■ **Provided data**
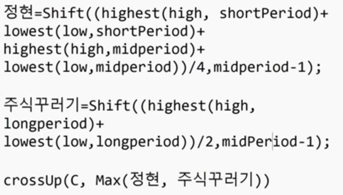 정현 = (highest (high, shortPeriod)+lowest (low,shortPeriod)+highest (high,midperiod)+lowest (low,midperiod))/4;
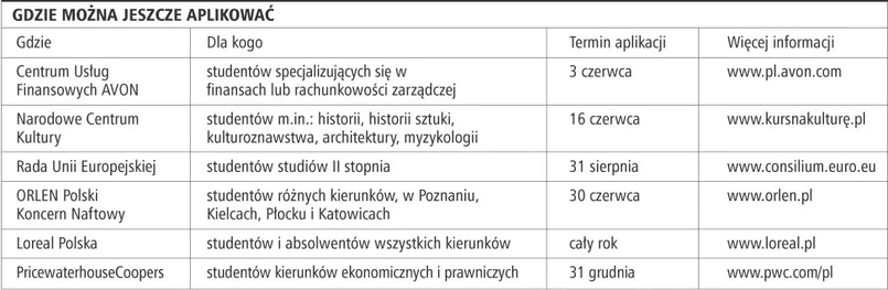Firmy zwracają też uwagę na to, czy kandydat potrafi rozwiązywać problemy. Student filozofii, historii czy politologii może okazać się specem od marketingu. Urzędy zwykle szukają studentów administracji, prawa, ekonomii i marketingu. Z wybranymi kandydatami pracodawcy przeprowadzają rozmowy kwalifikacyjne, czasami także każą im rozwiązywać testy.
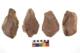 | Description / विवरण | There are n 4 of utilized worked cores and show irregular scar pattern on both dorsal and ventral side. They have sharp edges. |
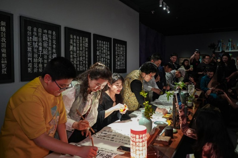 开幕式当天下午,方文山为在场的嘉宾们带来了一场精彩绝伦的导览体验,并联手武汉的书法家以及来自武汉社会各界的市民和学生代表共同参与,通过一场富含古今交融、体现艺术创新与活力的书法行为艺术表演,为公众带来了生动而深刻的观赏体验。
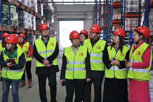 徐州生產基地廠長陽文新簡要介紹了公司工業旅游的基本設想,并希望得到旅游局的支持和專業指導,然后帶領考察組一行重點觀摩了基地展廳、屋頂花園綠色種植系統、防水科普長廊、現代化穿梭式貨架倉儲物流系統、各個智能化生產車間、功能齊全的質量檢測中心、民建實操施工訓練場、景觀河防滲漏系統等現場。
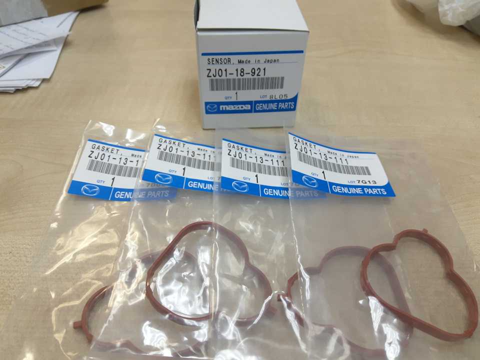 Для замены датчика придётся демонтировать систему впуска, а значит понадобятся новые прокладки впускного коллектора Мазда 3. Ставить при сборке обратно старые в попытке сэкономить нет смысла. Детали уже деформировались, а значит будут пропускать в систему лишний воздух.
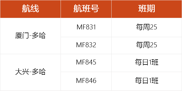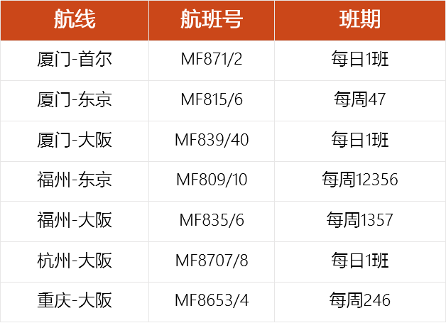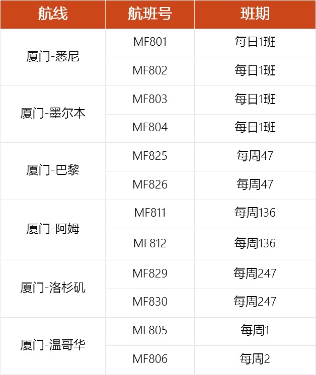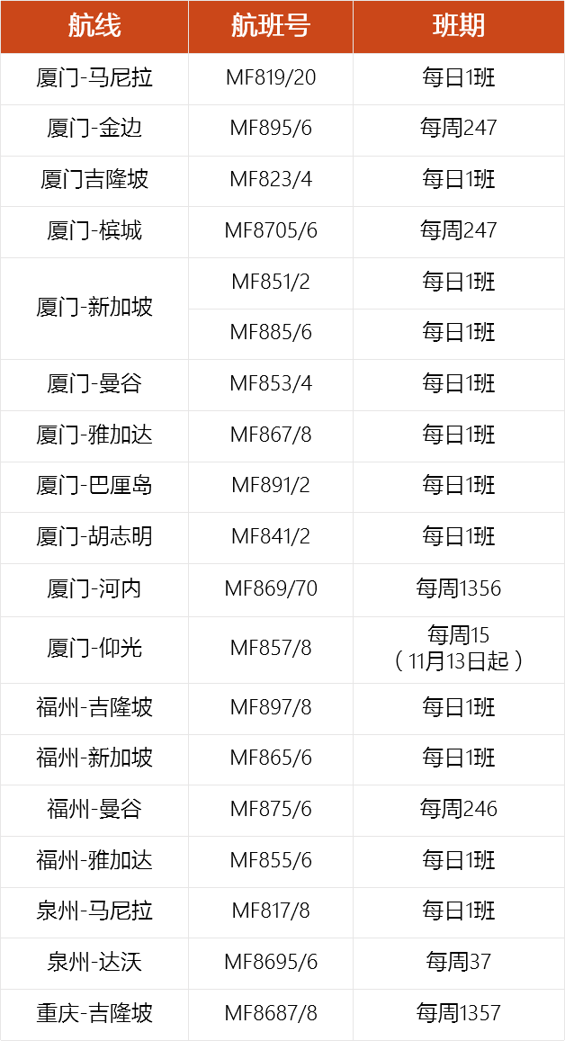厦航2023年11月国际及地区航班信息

■ **Work to complete**
The lines to write out are those from the first line of the listing above through the line bearing "sharp edges. |", both included, copied exactly with pictures dropped.

■ **Answer box**
 정현 = (highest (high, shortPeriod)+lowest (low,shortPeriod)+highest (high,midperiod)+lowest (low,midperiod))/4;
Firmy zwracają też uwagę na to, czy kandydat potrafi rozwiązywać problemy. Student filozofii, historii czy politologii może okazać się specem od marketingu. Urzędy zwykle szukają studentów administracji, prawa, ekonomii i marketingu. Z wybranymi kandydatami pracodawcy przeprowadzają rozmowy kwalifikacyjne, czasami także każą im rozwiązywać testy.
 | Description / विवरण | There are n 4 of utilized worked cores and show irregular scar pattern on both dorsal and ventral side. They have sharp edges. |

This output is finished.